▶ **Work task**
Exact copy, no pictures: repeat the data that follows.

[Information shown Boundary: Start]

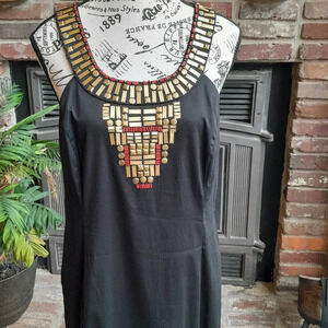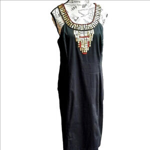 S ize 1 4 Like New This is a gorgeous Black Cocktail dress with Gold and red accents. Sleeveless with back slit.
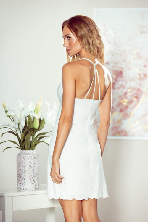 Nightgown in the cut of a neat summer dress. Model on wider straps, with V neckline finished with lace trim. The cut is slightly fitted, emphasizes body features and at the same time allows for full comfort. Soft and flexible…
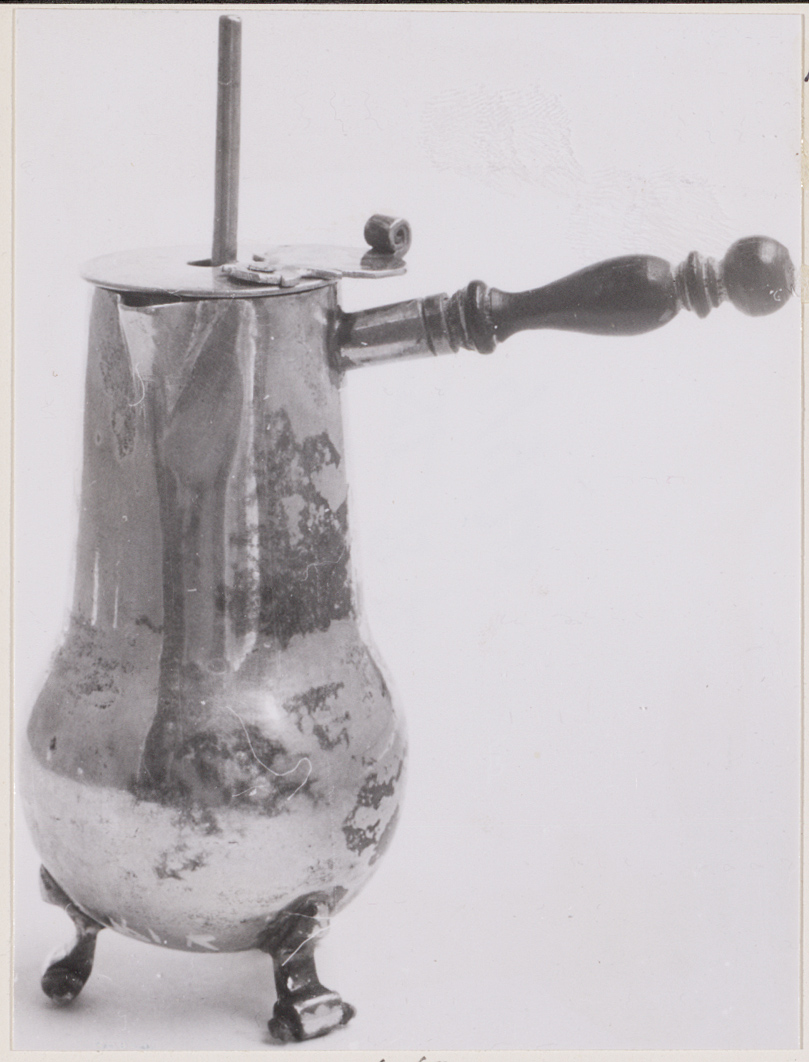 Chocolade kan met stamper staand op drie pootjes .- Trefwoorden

[Information shown Boundary: End]

▶ **Written response**
 S ize 1 4 Like New This is a gorgeous Black Cocktail dress with Gold and red accents. Sleeveless with back slit.
 Nightgown in the cut of a neat summer dress. Model on wider straps, with V neckline finished with lace trim. The cut is slightly fitted, emphasizes body features and at the same time allows for full comfort. Soft and flexible…
 Chocolade kan met stamper staand op drie pootjes .- Trefwoorden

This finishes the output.